Tuesday, October 14, 2008

My Son's (Un) Just Beginnings

I’ve written about the day of my daughter’s diagnosis, so I thought it was only fitting to continue with the day of my son’s diagnosis, if you can bear it, because it was a bit different. It was just 6 months after my daughter’s autism diagnosis and one year after a speech therapist diagnosed him with PDD (Pervasive Developmental Delay) and the recommendation was: get him into a preschool program to develop his speech. Which we did by the age of 3; he was kicked out by 3.5. Oh, Boy!!!

Just shortly before his 4th birthday we had him evaluated at Children’s Hospital by a different group of doctors than we had for Meghan: pediatric pediatricians and psychologists. His diagnosis was grim, as far as I was concerned: MR (Mental Retardation).

As one can imagine, this diagnosis did not sit well with us, especially me. It was not the fact that he was diagnosed with a disorder, but PDD was what I was thinking. A much milder form of autism, but one that I could put my finger around and have it actually make sense for him. I think MR is just a label with no sense of recovery. Meaning that autism has therapies and hope, but, to me, MR sounded cold, hopeless, and hollow, like there’s nothing you can do—just love your boy, was really how we were treated. I just couldn’t understand what this diagnosis really meant, so I asked:

Me: “Does this mean that he can’t learn?”
Them: “No, of course he can learn.”
Me: “What do people with this diagnosis do for work?”
Them: “Well, a lot of ‘them’ work in wonderful places, like even here at the hospital.”
Me: “Like what, take out the trash?” (I was being sarcastic)
Them: “Yes, exactly, they mop the floor and take out the trash.” (she said, enthusiastically!)
Me: I felt physically sick “Can he learn math? Science? Reading?”
Them: “Yes.”
Me: “Algebra?”
Them: “Yes, of course.” (nervous laugh)
Me: “Then why??”

As if they had slapped me in the face and continued to punch me with every nervous word that was shaped and delivered while we sat gasping for air.

And given a box of Kleenex … but no hope.

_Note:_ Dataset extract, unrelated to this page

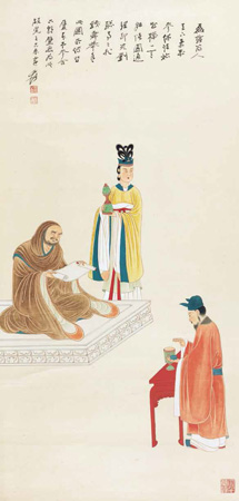 此件《石勒问佛图》未署年款,属大千敦煌归来时的作品。从敦煌回来后,他的人物画风格大变,画的线条虽不改其秀丽但益趋圆劲,设色虽绚丽而不失清雅明净,是吸取敦煌壁画营养以后的新境界。从《石勒问佛图》落款可以知道此作画风本源,大千虽自谓系拟仿钱选,但其所到达之境地已力追唐宋高古,又非钱选之所能及。张大千已将钱舜举胸蕴了然于心,下笔超脱自在而游刃有余。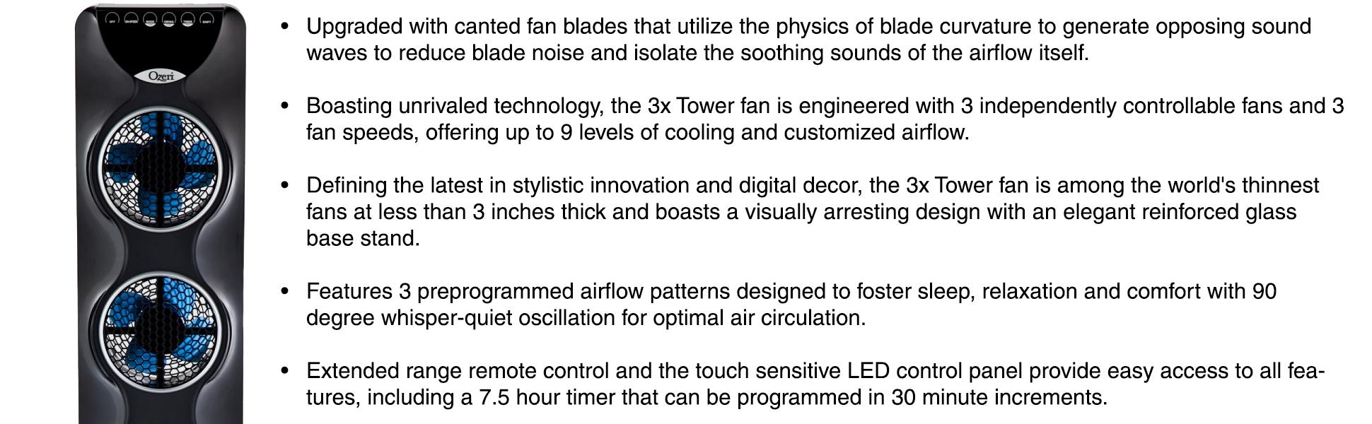 Featuring unrivaled technology, the new Ozeri 3x 44" Tower Fan defines the latest in stylistic innovation and digital decor with its visually stunning design, slim form factor and elegant glass base stand. At less than 3 Inch thick, the 3x Tower fan is one of the world's thinnest fans and boasts 3 independently controllable fans with passive noise cancellation technology for remarkable airflow velocity at less than 50dB. The 3x Tower Fan's passive noise reduction technology utilizes the physics of blade curvature to generate mitigating sound waves that reduce blade noise and help isolate the soothing sounds of the airflow itself. The 3x Tower fan is engineered with 3 independently controllable fans and 3 fan speeds, offering up to 9 levels of cooling and the ultimate in customized airflow.

I wasn’t giving them a hard time, I was just trying to figure it all out and, Yes, I was defensive. How can anyone label my son with no hope and a future no better than a trash man? (There’s nothing wrong with that profession, mind you, but I wanted my 4 years old to receive the benefit of the doubt and be presented with the same options that every other preschooler was given.) It was as if he was tried and convicted of a dismal future and he was only 4 years old. I wanted people to have higher expectations for him because we believed in him and this “label” just didn’t present us with any options, just a dead end and the color of gray.

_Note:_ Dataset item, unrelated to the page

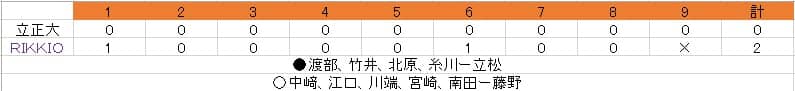 初回、金川の安打、盗塁によりチャンスが訪れる。春リーグ戦では.375と、立大ではトップの打率を誇る山田が次打者だ。打球は左翼に伸び、二塁の金川が本塁を踏んだ。この二塁打により、立大は先制点を獲得することとなった。6回で金川は、右翼方向の頭上を越える長打により、三塁に出塁。一死一、三塁のチャンスを6番打者の小野大は見逃さなかった。打席に立った小野大は、犠打の姿勢で迎え撃つ。打球は遊撃手の手前に落ち、その間に三塁走者は生還した。おしくも小野大はアウトになったものの、追加点獲得に貢献した。

Autism seemed to have hope at least, and proactive solutions: There were books and an entire therapy revolved around it (ABA), not to mention speech and language therapy; it was a process of learning and of recovery. It offered Hope.

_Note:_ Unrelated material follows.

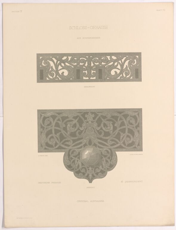 - 作品に記載されている文章: SECTION VI; BLATT 11; BRUNNEN.; ITAL. RENAISSANCE 16. JAHRHUNDERT.; ORIGINAL AUFNAMHE IN 1/7 DER NATURGRÖSSE.; J. STORCK GEZ.; LITH. R. V. WALDHEIM; ORIGINAL-COMPOSITION VON PROF. STORCK.; VERLAG VON R. V. WALDHEIM; STORCK'S ZEICHENVORLAGEN.

I never went back to that hospital (as if it were their fault), and during the days following this diagnosis I told his special needs preschool teachers, speech therapist, pediatrician, friends and family what his diagnosis revealed. What I got was a pause and a “NO.” Not just a No, but a Nooo! “No, he’s not,” said every single one of them. Interesting. Our pediatrician even added, “No, he’s too smart, and I see it in the way he plays, it’s PDD, you’ll see, he’ll start to develop better language and even out,” he said.

Over the next 10 years and a few different pediatricians, lots of teachers, and one psychologist later, have all labeled Nick with a mild form of autism and we stuck with it. It makes sense for him based on what we’ve seen and how he tests; and the therapies work for him, like speech, OT, and social skills classes and have helped him develop, progress and see color, not gray.


Tanya @ Teenautism said...

How insensitive those people were. I'm glad you followed your instinct about your son. We all need to remember to do that! Take care.

Casdok said...

They dont have a clue do they what they do to us with their words.

Holly Nappi Collins said...

I know...and not to pick on all doctors, but a better "bed side manner" would help... or perhaps they are just so used to diagnosing kids all day, that they became too used to giving tough news.